Episode #479: From Bitcoin to Birdsong: Building Trust in a World of Fakes
Crazy Wisdom
Innovative Approaches to Biodiversity Conservation
This chapter explores cutting-edge conservation initiatives focused on biodiversity, particularly through the analysis of birdsong and bat sounds. By utilizing advanced technology and machine learning, the project aims to create a secure monitoring network for wildlife preservation.
In this episode of Crazy Wisdom, Stewart Alsop talks with Cathal, founder of Poliebotics and creator of the “truth beam” system, about proof of liveness technology, blockchain-based verification, projector-camera feedback loops, physics-based cryptography, and how these tools could counter deepfakes and secure biodiversity data. They explore applications ranging from conservation monitoring on Cathal’s island in Ireland to robot-assisted farming, as well as the intersection of nature, humanity, and AI. Cathal also shares thoughts on open-source tools like Jitsi and Element, and the cultural shifts emerging from AI-driven creativity. Find more about his work and Poliebotics in Github and Twitter.
Check out this GPT we trained on the conversation
Timestamps
00:00 Stewart Alsop introduces Cathal, starting with proof of liveness vs proof of aliveness and deepfake challenges.
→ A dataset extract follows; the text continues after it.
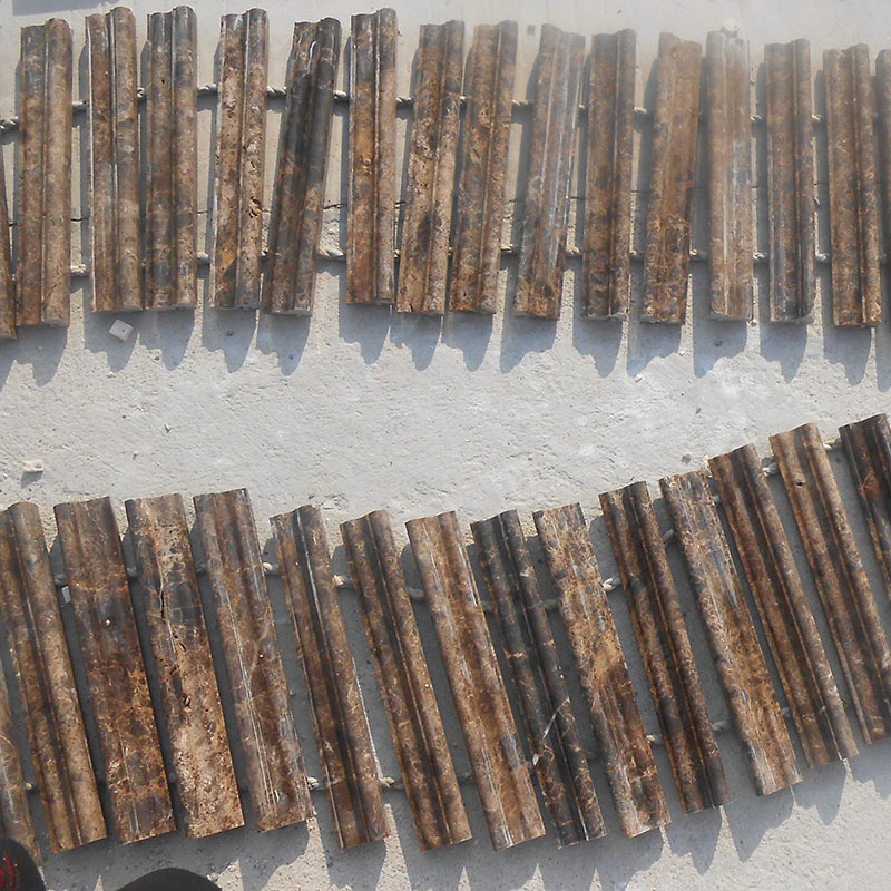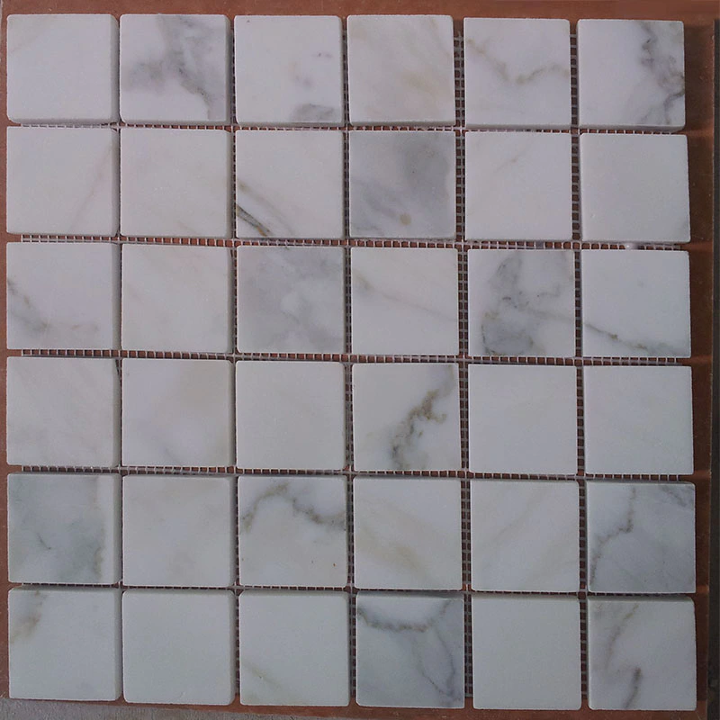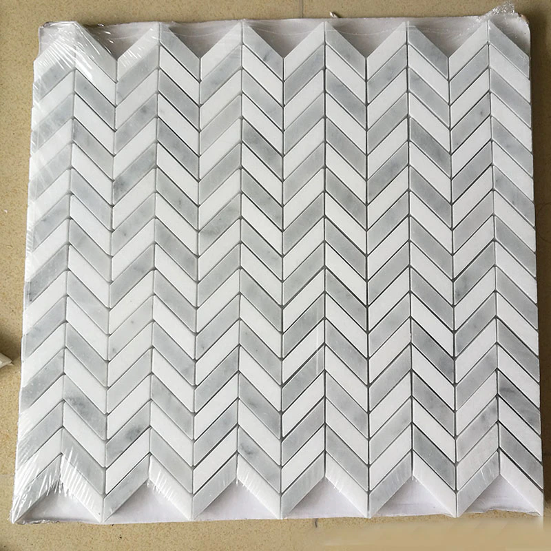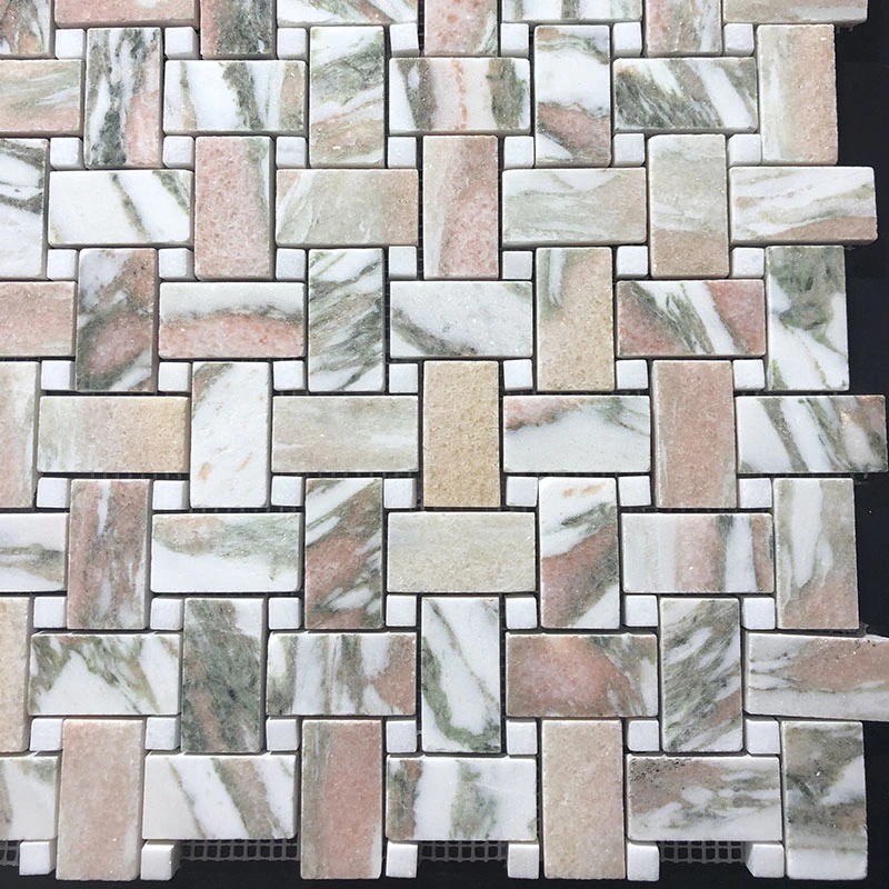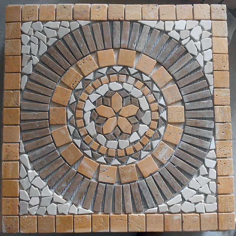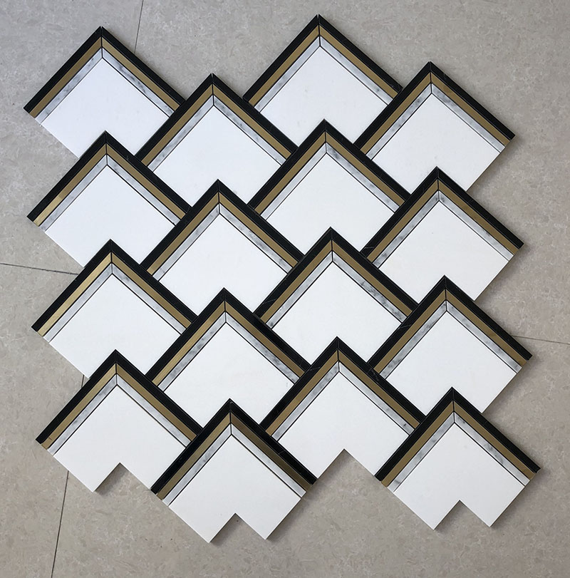 Geometrical waterjet mosaic tiles in Thassos and BrassInquire -

05:00 Cathal explains projector-camera feedback loops, Perlin noise, cryptographic hashing, blockchain timestamps via Rootstock.
10:00 Discussion on using multiple blockchains for timestamps, physics-based timing, and recording verification.
15:00 Early Bitcoin days, cypherpunk culture, deterministic vs probabilistic systems.
20:00 Projector emissions, autoencoders, six-channel matrix data type, training discriminators.
25:00 Decentralized verification, truth beams, building trust networks without blockchain.
30:00 Optical interlinks, testing computational nature of reality, simulation ideas.
35:00 Dystopia vs optimism, AI offense in cybersecurity, reputation networks.
40:00 Reality transform, projecting AI into reality, creative agents, philosophical implications.
45:00 Conservation applications, biodiversity monitoring, insect assays, cryptographically secured data.
50:00 Optical cryptography, analog feedback loops, quantum resistance.
55:00 Open source tools, Jitsi, Element, cultural speciation, robot-assisted farming, nature-human-AI coexistence.
Key Insights
- Cathal’s “proof of liveness” aims to authenticate real-time video by projecting cryptographically generated patterns onto a subject and capturing them with synchronized cameras, making it extremely difficult for deepfakes or pre-recorded footage to pass as live content.
- The system uses blockchain timestamps—currently via Rootstock, a Bitcoin sidechain running the Ethereum Virtual Machine—to anchor these projections in a decentralized, physics-based timeline, ensuring verification doesn’t depend on trusting a single authority.
- A distinctive six-channel matrix data type, created by combining projector and camera outputs, is used to train neural network discriminators that determine whether a recording and projection genuinely match, allowing for scalable automated verification.
- Cathal envisions “truth beams” as portable, collaborative verification devices that could build decentralized trust networks and even operate without blockchains once enough verified connections exist.
- Beyond combating misinformation, the same projector-camera systems could serve conservation efforts—recording biodiversity data, securing it cryptographically, and supporting projects like insect population monitoring and bird song analysis on Cathal’s island in Ireland.
- Cathal is also exploring “reality transform” technology, which uses projection and AI to overlay generated imagery onto real-world objects or people in real time, raising possibilities for artistic expression, immersive experiences, and creative AI-human interaction.
- Open-source philosophy underpins his approach, favoring tools like Jitsi for secure video communication and advocating community-driven development to prevent centralized control over truth verification systems, while also exploring broader societal shifts like cultural speciation and cooperative AI-human-nature systems.